Where to Discuss?

Local Group

Preface

Goal: Pretty statistics visualization with Seaborn, equipped with example script for each plots.

Let’s face it: plotting raw numbers in matplotlib is, like eating plain oatmeal. Nutritious but a little… bland. Enter Seaborn, the library that dresses our data in a tuxedo, adds a spotlight, and whispers the punchline for you.

In this article, we will find ready-to-run example scripts for each plot. No tedious step-by-step handholding (the internet’s already brimming with tutorials). Our mission is to showcase what Seaborn can do for our statistical properties, so we can spend less time wrestling with code, and more time interpreting elegant visuals.

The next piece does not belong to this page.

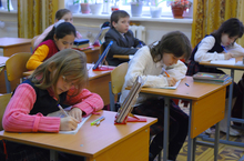 Бүген 4нче класс укучылары рус теленнән тестирование үтте.
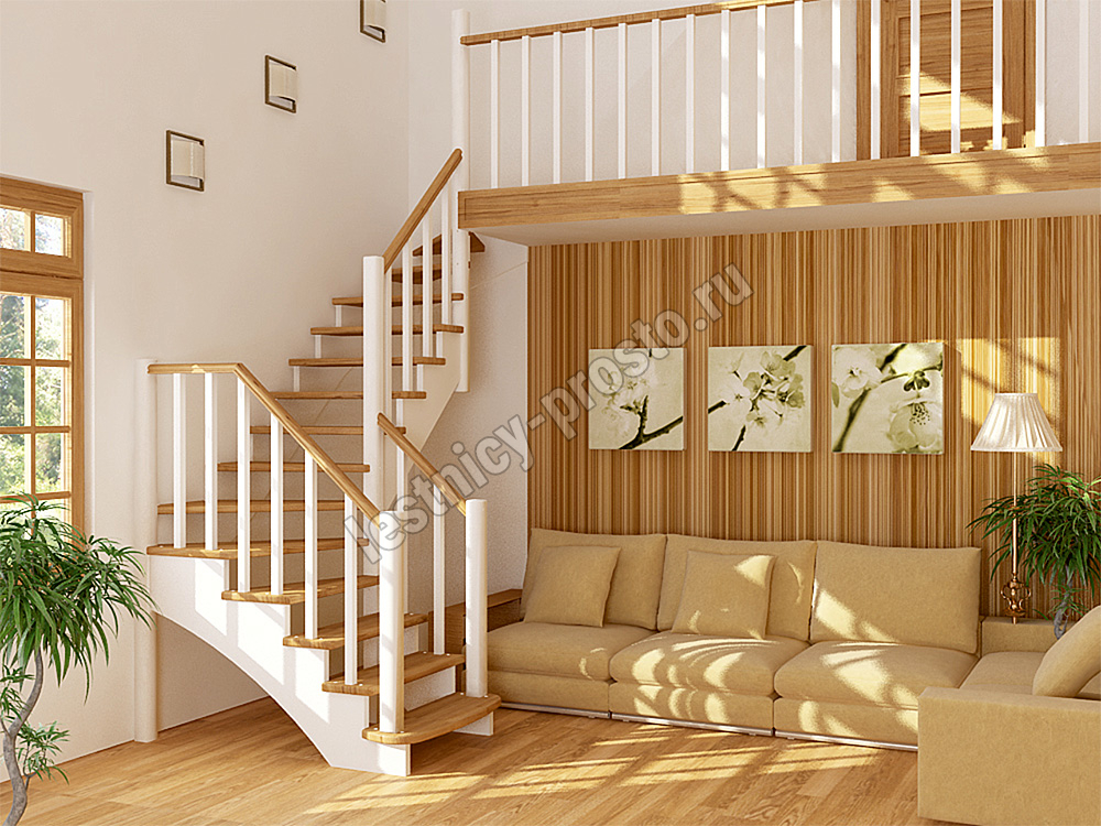 Ступени и поручень лестницы выполнены из дуба, остальные элементы из сосны. Возможно изготовление данной модели полностью из дуба.

Remember: real-world data rarely stays neat and tidy. These are simple demos, consider them our rehearsal dinner before the big data wedding. Now, grab our favorite beverage and let’s our Seaborn’s stat-smarts in action.


Visualizing Linear Regression

Yes, we are still talking about trend, now with Seaborn.

Data Series

Instead of just one series, we’ll play with these three: ys₁, ys₂, or ys₃. That way we can compare how different curves behave side by side.

xs, ys1, ys2, ys3
0,  5,   5,   5
1,  9,   12,  14
2,  13,  25,  41
3,  17,  44,  98
4,  21,  69,  197
5,  25,  100, 350
6,  29,  137, 569
7,  33,  180, 866
8,  37,  229, 1253
9,  41,  284, 1742
10, 45,  345, 2345
11, 49,  412, 3074
12, 53,  485, 3941

Python: Seaborn: Statistical Properties: CSV Source

Comparing multiple series in one plot helps us, see at a glance which trendlines are stubbornly linear, and which ones go off to dramatic nonlinear land.

Regression Plot

A simple way to overlay regression lines, on scatter points for each series. Plotting linear regression plot is straightforward. We can plot all these three series at once in one plot figure.

# Getting Matrix Values
pairCSV = np.genfromtxt("series.csv",
  skip_header=1, delimiter=",", dtype=float)

# Extract x and y values from CSV data
xs, ys1, ys2, ys3 = pairCSV.T

# Scatter plot with regression line
plt.figure(figsize=(8, 6))
sns.regplot(x=xs, y=ys1)
sns.regplot(x=xs, y=ys2)
sns.regplot(x=xs, y=ys3)

With one command per series we get data points, regression line, and confidence band. It’s like magic, but with math under the hood.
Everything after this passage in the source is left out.